We are not been awkward but trying to show you what you need to know to be successful and not lose your gold. Please take the advice and read Hoke it's in simple terms and your command of English will be sufficient I'm sure to understand it, if not ask questions on points you don't understand. We don't hold your hand here and give simple instructions you need to learn for your own benefit not ours.
Good luck and welcome to the forum.


----------



## Harold_V (Aug 3, 2012)

mohd said:


> Dear Friends,
> 
> Please help and i am totally confuse after reading the artical.
> 
> ...


The ideal concentration of gold, AFTER INQUARTATION, is 25%. If your gold, as recovered, contains 429 grains, pure, you can assume that the balance would be 51 grains, possibly silver. Based on that, in order to achieve the ideal gold concentration (25%), you would add 80 grams of silver for each troy ounce of gold to be inquarted. It should be melted and stirred well, to create a homogeneous alloy. That alloy would then be poured in to water, creating what I call corn flakes. Those corn flakes would then be parted (dissolved) in dilute nitric acid, leaving behind the gold as a bronze colored pellet, still in the same form as it was created when poured in water. I prefer to NOT break them up, as it's harder to separate the solution from the solids. 

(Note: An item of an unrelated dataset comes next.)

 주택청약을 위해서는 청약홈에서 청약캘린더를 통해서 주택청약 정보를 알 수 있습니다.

The remaining bronze colored pieces are almost pure gold. They can be elevated to a higher degree of purity by dissolving in aqua regia, which is then evaporated and filtered before precipitating the gold. All of this is covered in Hoke's book. It does not address gold recovered from mining, but the principles remain the same, you simply adjust the math to reflect the higher percentage of gold contained in the material.

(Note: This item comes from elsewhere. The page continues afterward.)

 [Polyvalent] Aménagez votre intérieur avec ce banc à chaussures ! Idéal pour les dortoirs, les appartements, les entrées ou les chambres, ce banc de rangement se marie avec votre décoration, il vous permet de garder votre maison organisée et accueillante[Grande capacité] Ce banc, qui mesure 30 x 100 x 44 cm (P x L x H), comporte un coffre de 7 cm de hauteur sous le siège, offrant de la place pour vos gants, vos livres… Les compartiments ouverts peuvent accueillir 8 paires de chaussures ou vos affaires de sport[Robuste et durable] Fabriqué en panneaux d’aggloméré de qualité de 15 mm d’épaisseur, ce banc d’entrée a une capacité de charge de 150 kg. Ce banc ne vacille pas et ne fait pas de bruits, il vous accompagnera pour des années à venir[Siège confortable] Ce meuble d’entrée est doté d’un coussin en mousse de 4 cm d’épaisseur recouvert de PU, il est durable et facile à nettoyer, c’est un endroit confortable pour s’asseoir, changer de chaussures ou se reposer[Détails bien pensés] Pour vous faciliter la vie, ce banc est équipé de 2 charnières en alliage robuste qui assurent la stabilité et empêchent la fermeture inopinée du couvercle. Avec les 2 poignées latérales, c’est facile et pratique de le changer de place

Study Hoke's book until you understand what she teaches. Once you gain that understanding, you will be able to refine your gold without questions. 

Harold


----------



## mohd (Aug 3, 2012)

Dear Sir Harold,

Thankyou for the explaination. I will follow trough the Hoke's book.By the way i will make a test to dissolve 89.5% 10g gold aloy in nitric acid 75% to see how much gold reduce and what is the percentage of the gold recover without doing further process in AR.

Do you have any Idea what is the % of gold adhere in nitric acid process alone.

Best Regards

Mohd


----------



## Harold_V (Aug 4, 2012)

mohd said:


> I will follow trough the Hoke's book.By the way i will make a test to dissolve 89.5% 10g gold aloy in nitric acid 75% to see how much gold reduce and what is the percentage of the gold recover without doing further process in AR.

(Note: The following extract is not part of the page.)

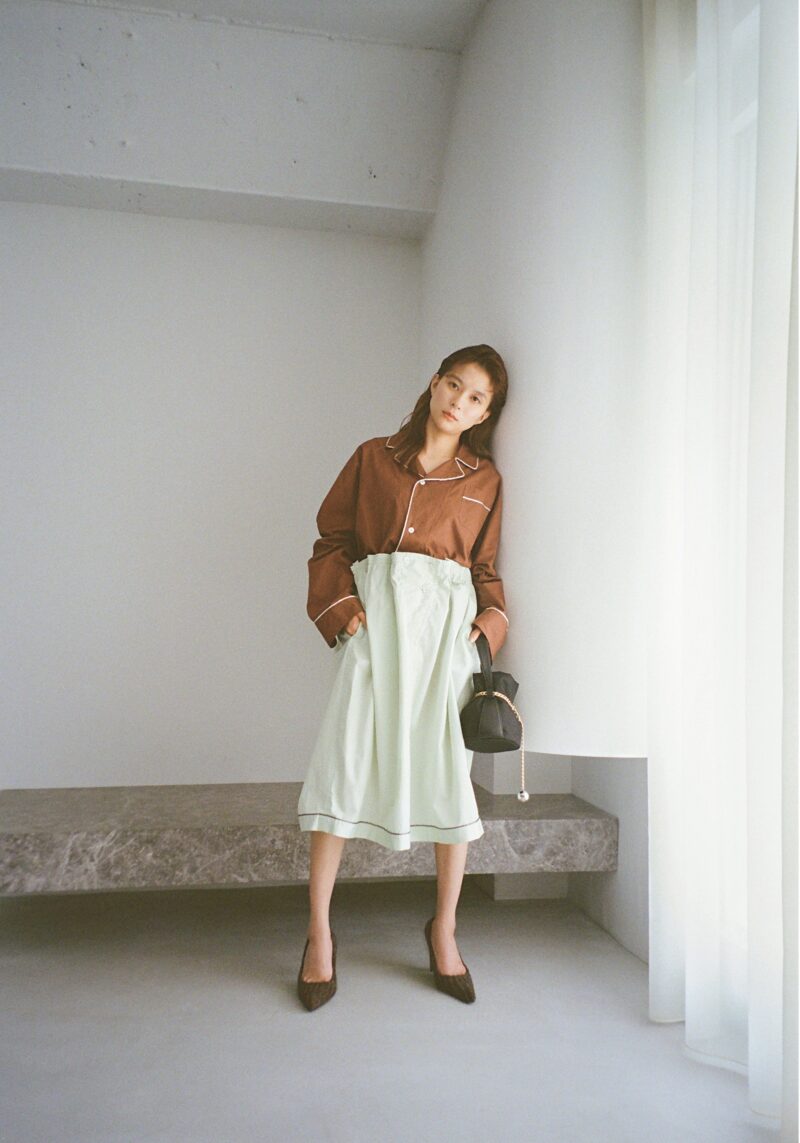 パジャマをアレンジしたルックはブラウンとミントグリーンの色合わせが新鮮。白のパイピングが効いたシャツは光沢感のある生地でドレッシーに。スカートはタックを寄せたリメイク風デザインがドレープを生み、控えめに華やかさを醸しだす。

If I understand you correctly, you intend to dissolve the 89.5% gold in nitric. If so, that won't work. That's why you were told to inquart. If you do not inquart, you won't be able to dissolve the button you have now. It most likely won't dissolve in aqua regia, either, as it most likely already contains silver, and that will prevent the material from dissolving in aqua regia, too. However, once you have inquarted, you will be able to remove all of the silver, leaving behind gold. It won't be pure, but it will be very close, assuming you digest all of the base metals (including silver), and rinse well. 

Please read Hoke's book, even if you must have it translated. It will provide you with enough information that you will then gain an understanding of what you must do, and how it must be done. 



> Do you have any Idea what is the % of gold adhere in nitric acid process alone.


I'm sorry, but I do not understand your question. Can you phrase it differently?

Harold


----------



## mohd (Aug 4, 2012)

Harold_V said:


> mohd said:
> 
> 
> > I will follow trough the Hoke's book.By the way i will make a test to dissolve 89.5% 10g gold aloy in nitric acid 75% to see how much gold reduce and what is the percentage of the gold recover without doing further process in AR.
> ...


Dear Sir Harold,

Actually i am wendering and would like to know if i have mix the gold with silver and get the aloy sufficient to dissolve with nitric acid. If the aloy has been process to get the gold at the bottom of the acid ! then the collected gold didnt went for AR process , I just melt it to button shape, Do you have any idea how much is the gold purity by percent recovered by nitric acid process.


----------



## samuel-a (Aug 4, 2012)

mohd said:


> Actually i am wendering and would like to know if i have mix the gold with silver and get the aloy sufficient to dissolve with nitric acid. If the aloy has been process to get the gold at the bottom of the acid ! then the collected gold didnt went for AR process , I just melt it to button shape, Do you have any idea how much is the gold purity by percent recovered by nitric acid process.



I don't know if it is a language barrier or a lack of basic understanding, so i'll try to make things clear.

Pure gold or a high gold content alloy will not be attacked by Nitric acid alone. 
It will dissolve in AR.

Silver (and most other base metals) will get dissolved in Nitric acid. 
Silver will react to AR to from an insoluble solid silver chloride that will hinder further dissolution.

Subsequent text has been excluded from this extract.